Question: What do you call all four of the American presidential assassins?
A quick look back seems to indicate that all four of these men shared liberal thoughts and practices.
John Wilkes Booth, who shot President Abraham Lincoln in 1865, exhibited leftist ideology through his support of slavery, a hallmark of the historical Democrat Party. He joined a Virginia militia and also served as a secret agent for the Confederacy. He also first conspired to kidnap Lincoln before he assassinated him, according to Biography.com.
Charles J. Guiteau, who shot President James A. Garfield in 1881, was what History.com described as a drifter, moving from one town tho the next. Guiteau might have associated himself with the Republican party but his background certainly didn’t look like a typical Republican. In fact, he seemed more attracted to groups that practiced leftist theologies.

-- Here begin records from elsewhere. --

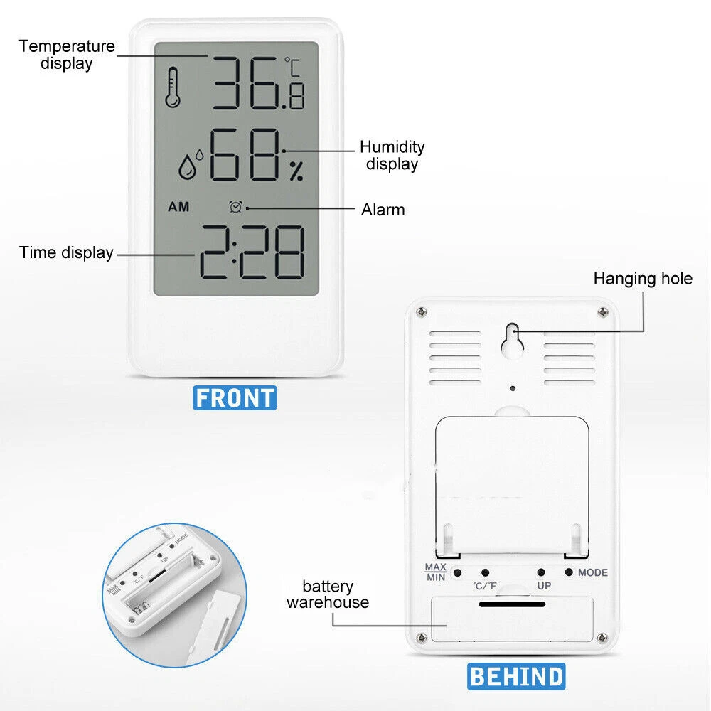 Wooden Thermometer Indoor Outdoor Glass Wall Hanging Room Sensor 13.55 USD Free shipping Indoor Outdoor Jumbo Thermometer Temperature Wall Hanging Room Sensor 7.65 USD Free shipping 2Pcs Wall Thermometer Indoor Outdoor Mount Garden Greenhouse Home Humidity Meter 7.1 USD Free shipping Outdoor Thermometer Garden Patio Outside Wall Greenhouse Sun Terrace 13.25 USD Free shipping Product Description Description: 100% Brand New Large LCD display simultaneously showing indoor & outdoor temperature and indoor humidity. Clear display, simple and easy to read. Temperature units °C/°F changeable. Records MAX/MIN temperature and humidity. Has a back stand and hanging hole on the back. Application: Widely used in your office, living room, kitchen, baby room, Wine Cellar etc. Function Introduction: Clock function Month/Date viewing function Temperature and humidity display Check the maximum and minimum temperature and humidity values Alarm clock function Specification: Two Clock style: 12/24 hour digital clock Temperature measurement range: -50~70°C Temperature measurement precision: ±0.1° (0.2°) Humidity measurement range: 10%RH-99%RH Humidity measurement precision: ±5%RH Battery: 1* AAA battery 1.5V (Not Included) In the Package: 1x Home thermometer (Not Included battery) 1x Manual Payment Shipping Terms Returns Contact Us Policies 1.We accept PayPal only. 2.All major credit cards are accepted through secure payment processor PayPal. 3.Payment must be received within 7 business days of auction closing. 4.We ship to your eBay or Paypal address. Please make sure your eBay and Paypal address is correct before you pay. Feedback will be left automatically after we receive your feedback. Please contact us before leaving a Negative feedback or Neutral feedback. We would try our best to help you solving any problem. 1.We ship to your eBay or Paypal address. Please make sure your eBay and Paypal address is correct before you pay. 2.Items will be shipped within 1-3 business day when we received payment. 3.Delivery time depends on destination and other factors; 4.International buyers please note: a.Import duties, taxes and charges are not included in the item price or shipping charges. These charges are buyer’s responsibility. We will try our best to reduce the risk of the custom duties. b.Please check with your country's customs office to determine what these additional costs will be prior to buying. We offer full refund 100% from the price you buy. You can return item within 30 days after items received. We do our best to value every customer a 5-star positive eBay experience by working hard and professional. We also provide accurate information for our products, prompt communication and reasonable and fair price (the balance between price and quality) to our customers. We are welcome and happy if you have any issues, problems or suggestions. Please feel free to email us thru eBay. If there is no response after contacting us several times, please check your email spam folder. Please DO NOT Leave us Neutral or Negative Feedback without telling us in advance. We will do our best to help you to resolve your problems. We reply any email messages within 1 business / working days; Our Business hours: Mon-Fri 9:00-18:00, UTC/GMT +8 hours. 1.We are not responsible for any custom duty or import tax. 2.We will leave POSITIVE FEEDBACK after receiving the payment. Please contact us if you are not satisfied with the item after receive it. 3.All messages will be answered within 1 business day. If you do not receive our reply, please kindly re-sent your message and we will reply to you as soon as possible. 4.Serious Buyer Only! Please place bid only if you agree with all the terms. Payment 1.We accept PayPal only. 2.All major credit cards are accepted through secure payment processor PayPal. 3.Payment must be received within 7 business days of auction closing. 4.We ship to your eBay or Paypal address. Please make sure your eBay and Paypal address is correct before you pay. Feedback will be left automatically after we receive your feedback. Please contact us before leaving a Negative feedback or Neutral feedback. We would try our best to help you solving any problem. Shipping 1.We ship to your eBay or Paypal address. Please make sure your eBay and Paypal address is correct before you pay. 2.Items will be shipped within 1-3 business day when we received payment. 3.Delivery time depends on destination and other factors; 4.International buyers please note: a.Import duties, taxes and charges are not included in the item price or shipping charges. These charges are buyer’s responsibility. We will try our best to reduce the risk of the custom duties. b.Please check with your country's customs office to determine what these additional costs will be prior to buying. Terms Returns We offer full refund 100% from the price you buy. You can return item within 30 days after items received. Contact Us We do our best to value every customer a 5-star positive eBay experience by working hard and professional. We also provide accurate information for our products, prompt communication and reasonable and fair price (the balance between price and quality) to our customers. We are welcome and happy if you have any issues, problems or suggestions. Please feel free to email us thru eBay. If there is no response after contacting us several times, please check your email spam folder. Please DO NOT Leave us Neutral or Negative Feedback without telling us in advance. We will do our best to help you to resolve your problems. We reply any email messages within 1 business / working days; Our Business hours: Mon-Fri 9:00-18:00, UTC/GMT +8 hours. Policies 1.We are not responsible for any custom duty or import tax. 2.We will leave POSITIVE FEEDBACK after receiving the payment. Please contact us if you are not satisfied with the item after receive it. 3.All messages will be answered within 1 business day. If you do not receive our reply, please k
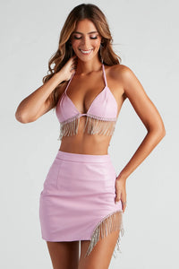 Shimmy your way to a sultry look in this rhinestone fringe halter bra with dual tie-back closures. The sleek faux leather fabric offers a moderate stretch. Complete the look in the matching skirt and heels.
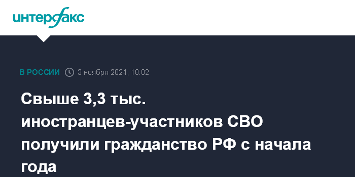 Москва. 3 ноября. INTERFAX.RU - Российское гражданство с начала 2024 года получили более 3,3 тыс. иностранных граждан - участников специальной военной операции, сообщила официальный представитель МВД России Ирина Волк.

For example, at one point in his life, Guiteau lived in a free love commune, The Oneida Community, a perfectionist community which challenged contemporary social views on property ownership, gender roles, child-rearing, monogamous marriage, and work. Guiteau was also mentally unstable, as History.com reported that he believed that his mission to kill the president was sent from God.

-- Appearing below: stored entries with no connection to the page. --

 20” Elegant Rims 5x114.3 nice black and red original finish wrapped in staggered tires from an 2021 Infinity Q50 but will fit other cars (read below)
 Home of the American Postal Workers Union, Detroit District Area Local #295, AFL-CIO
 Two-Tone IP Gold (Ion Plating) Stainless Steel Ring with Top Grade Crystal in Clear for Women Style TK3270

Leon Frank Czolgosz shot President William McKinley in 1901. Czolgosz grew up poor and was apparently angered by the disparity between the rich and the poor.
Lee Harvey Oswald, who shot president John F. Kennedy in 1963, was so interested in socialism that he defected to the Soviet Union, according to Biography.com. The self-described Marxist returned to Dallas, Texas, in 1962, and also visited Mexico and attempted to visit the socialist haven of Cuba before returning to Texas to kill the president.
It is eerie that these men would all share the common denominator of leftist thinking.
However, that connection would help explain why many people often conclude that liberalism is a disease.